As summer turned to fall, the TRF kept on going. It launched its annual Hay Drive in October, received accreditation from the Thoroughbred Aftercare Alliance and celebrated the 20th anniversary of its Second Chances Program at Lowell with a virtual “Horse Show.” This was a horse show of a different color, as students/inmates openly told their stories. Acacia Courtney excelled as the interviewer for this moving, inspiring presentation.
TRF’s annual online Holiday Auction was another success. The highest bidder won a private back-stretch tour with the former jockey and popular on-air personality Richard Migliore. The Giving Tuesday appeal raised thousands of dollars for the TRF’s farrier fund. The generosity continued throughout the season with an anonymous donor auctioning off historic racing memorabilia through Leland’s Auctions and donating $15,000 to the TRF herd.
Capitalizing on the beautifully restored farmhouse at Chestnut Hall, a long-time TRF friend and volunteer, Elizabeth Rosenberg, spearheaded the nine-day Holiday Designer Show House. The event featured eight talented designers who transformed the house into a winter wonderland and raised awareness of the TRF mission while bringing holiday cheer to hundreds of visitors who toured the historic home. We are grateful to the roughly 60 volunteers who devoted hundreds of hours to make this event such a great success in its inaugural year and we can’t wait to see what next year brings.
The TRF’s final event for 2021 was a return to the Principessa Elena Society. There, the TRF held a mid-December Happy Hour and Toy Drive for children of New York’s back-stretch workers. The Racetrack Chaplaincy of New York later distributed those toys to the families at a special celebration at the National Museum of Racing and Hall of Fame. It was a great way to end the year!

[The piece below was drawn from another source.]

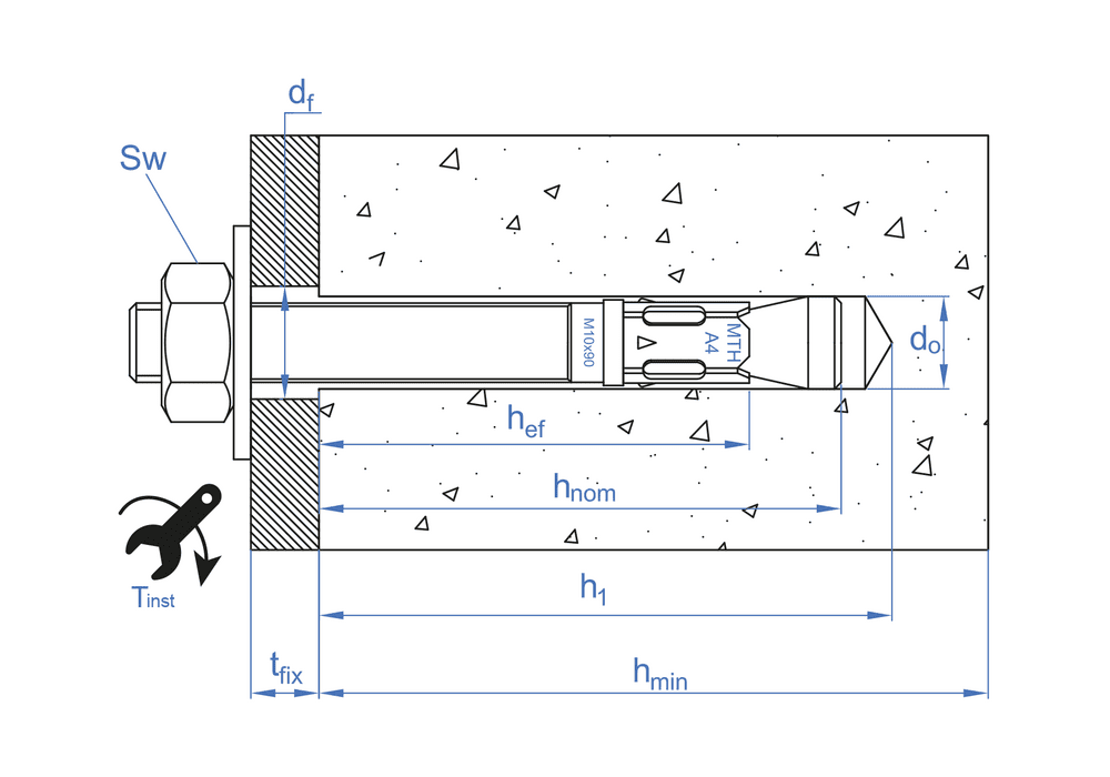 tfix - Espessura máx. a fixar 13 SW - Chave para instalação 17 df - Ø Elemento a fixar 12 Tins - Par de aperto (Nm) 35 hef - Profundidade efetiva 42 hnom - Profundidade min. de instalação 54 h1 - Profundidade min. do furo 60 d0 - Ø Broca 10 hmin - Espessura min. do material base 100 L - Comprimento 80 MIA410090 M10 x 90 Ø10 10 110 E 0 100 400 8423533087706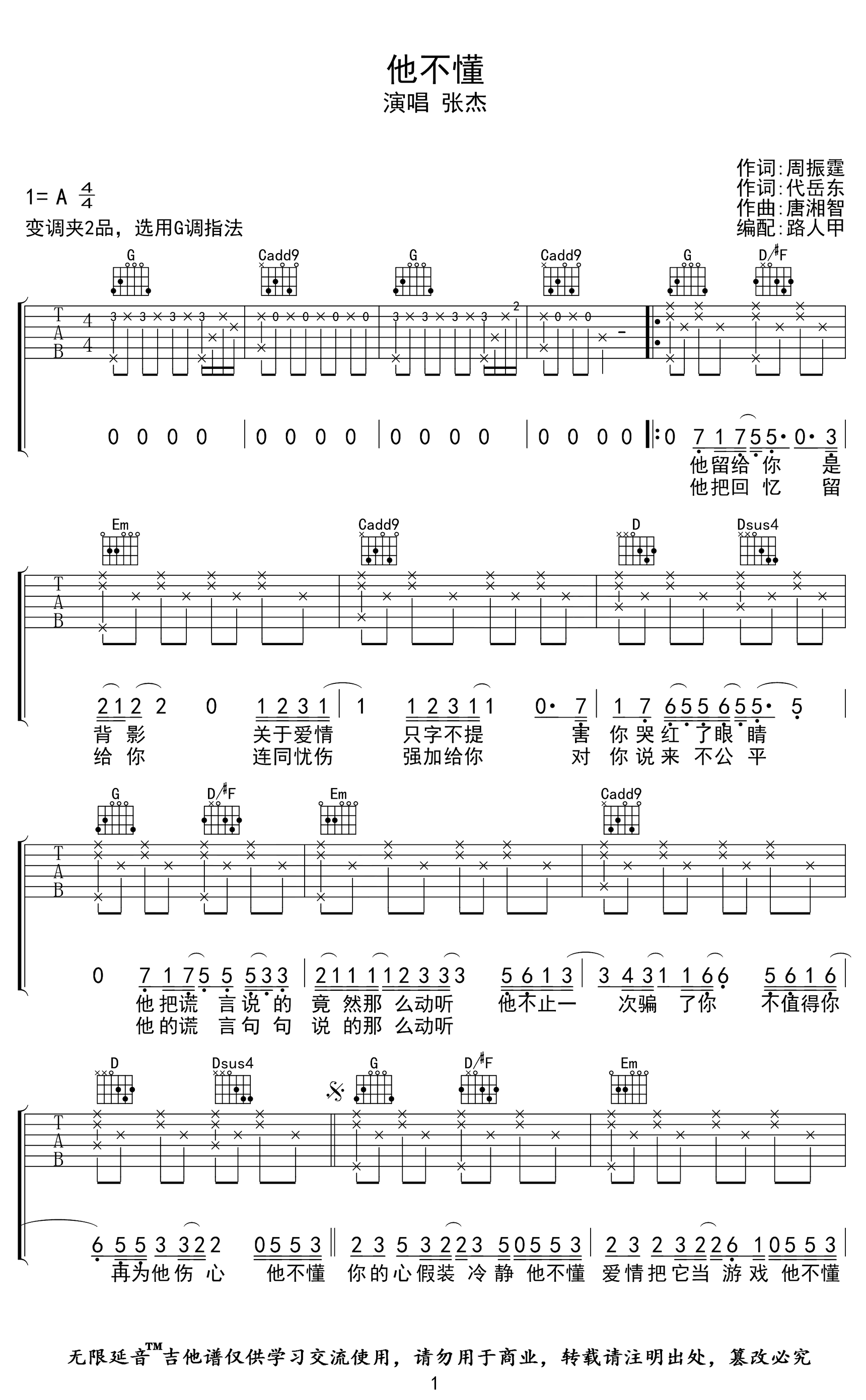他不懂吉他谱 - 张杰 - G调吉他弹唱谱

In this year of new partnerships and new friends, we welcomed more than 1,000 new donors who have joined us in support of our mission of saving horses and changing lives. “We are incredibly grateful for all our donors and volunteers, both old and new, who have supported the TRF in so many ways over the past 12 month,” said Executive Director Pat Stickney. “It is heartwarming to know that thousands of people share our passion and love for our Thoroughbreds.”
As the TRF looks forward to 2022, we wish you happiness, peace, and good health this holiday season and throughout the coming year.